Source data:
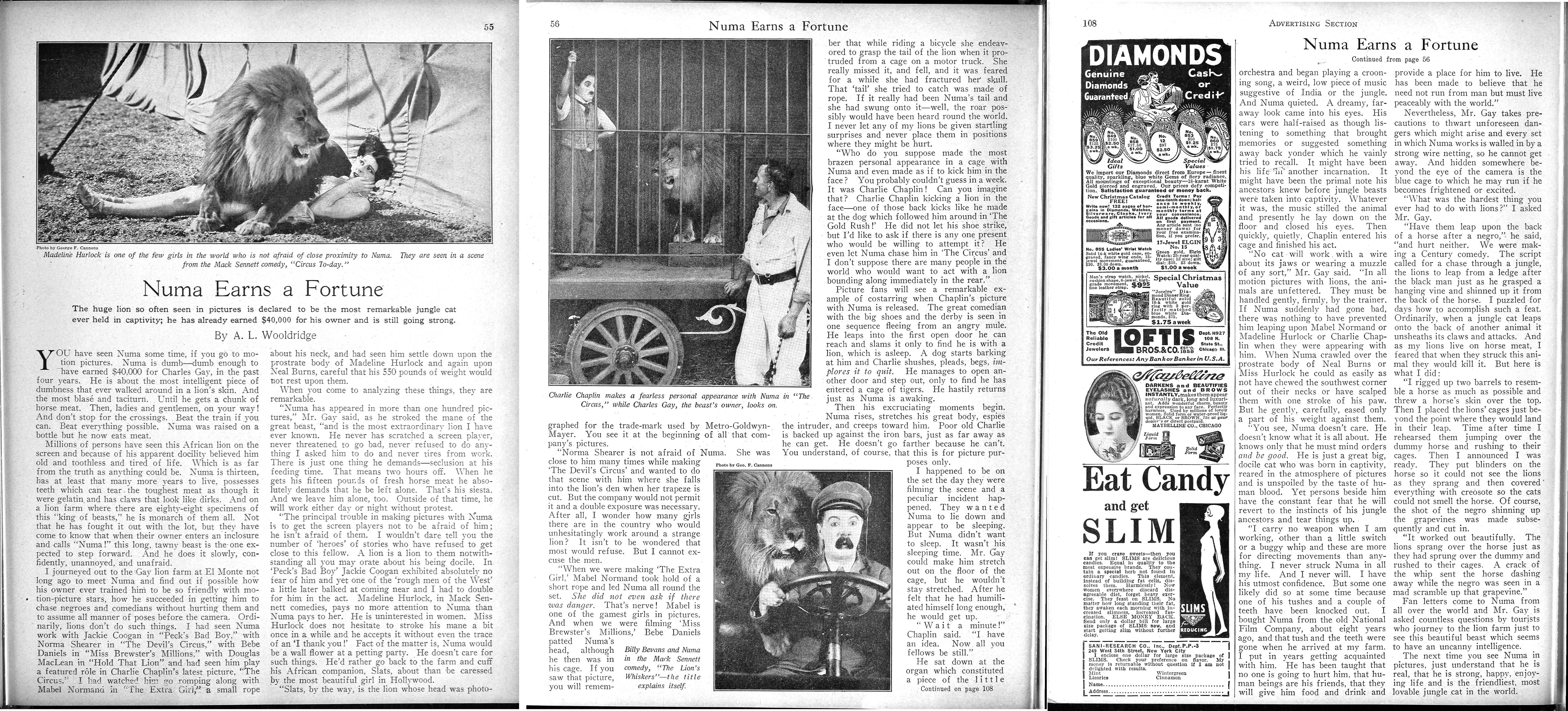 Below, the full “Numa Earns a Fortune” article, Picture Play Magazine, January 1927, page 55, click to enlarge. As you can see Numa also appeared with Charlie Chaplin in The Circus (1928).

--

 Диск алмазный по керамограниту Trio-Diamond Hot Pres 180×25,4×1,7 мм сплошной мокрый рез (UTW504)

* * *

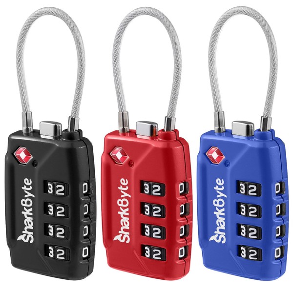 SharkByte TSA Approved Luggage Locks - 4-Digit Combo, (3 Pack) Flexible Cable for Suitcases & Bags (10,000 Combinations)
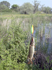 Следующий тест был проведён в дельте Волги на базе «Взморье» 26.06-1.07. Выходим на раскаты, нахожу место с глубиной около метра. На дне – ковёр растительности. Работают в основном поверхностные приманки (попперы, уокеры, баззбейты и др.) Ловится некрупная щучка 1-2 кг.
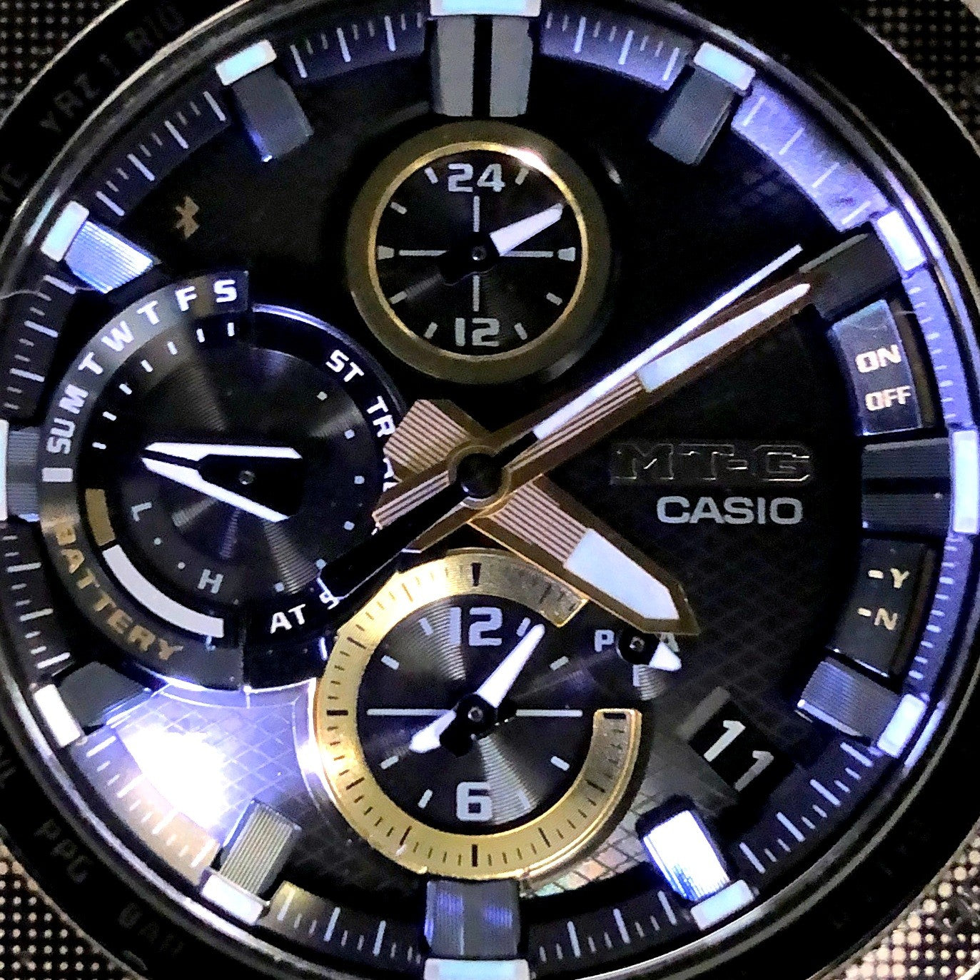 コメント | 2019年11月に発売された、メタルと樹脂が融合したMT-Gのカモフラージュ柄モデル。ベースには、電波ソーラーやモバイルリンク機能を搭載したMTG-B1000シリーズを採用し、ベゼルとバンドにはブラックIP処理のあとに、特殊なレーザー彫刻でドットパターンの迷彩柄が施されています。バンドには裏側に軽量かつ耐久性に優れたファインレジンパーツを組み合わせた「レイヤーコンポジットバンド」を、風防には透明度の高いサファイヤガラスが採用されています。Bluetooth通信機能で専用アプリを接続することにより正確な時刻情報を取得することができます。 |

Your assignment: Look above for the line containing "SharkByte TSA Approved", then copy exactly from it through the line containing "Следующий тест был", keeping both and leaving out pictures. Add nothing else.

Expected output:
 SharkByte TSA Approved Luggage Locks - 4-Digit Combo, (3 Pack) Flexible Cable for Suitcases & Bags (10,000 Combinations)
 Следующий тест был проведён в дельте Волги на базе «Взморье» 26.06-1.07. Выходим на раскаты, нахожу место с глубиной около метра. На дне – ковёр растительности. Работают в основном поверхностные приманки (попперы, уокеры, баззбейты и др.) Ловится некрупная щучка 1-2 кг.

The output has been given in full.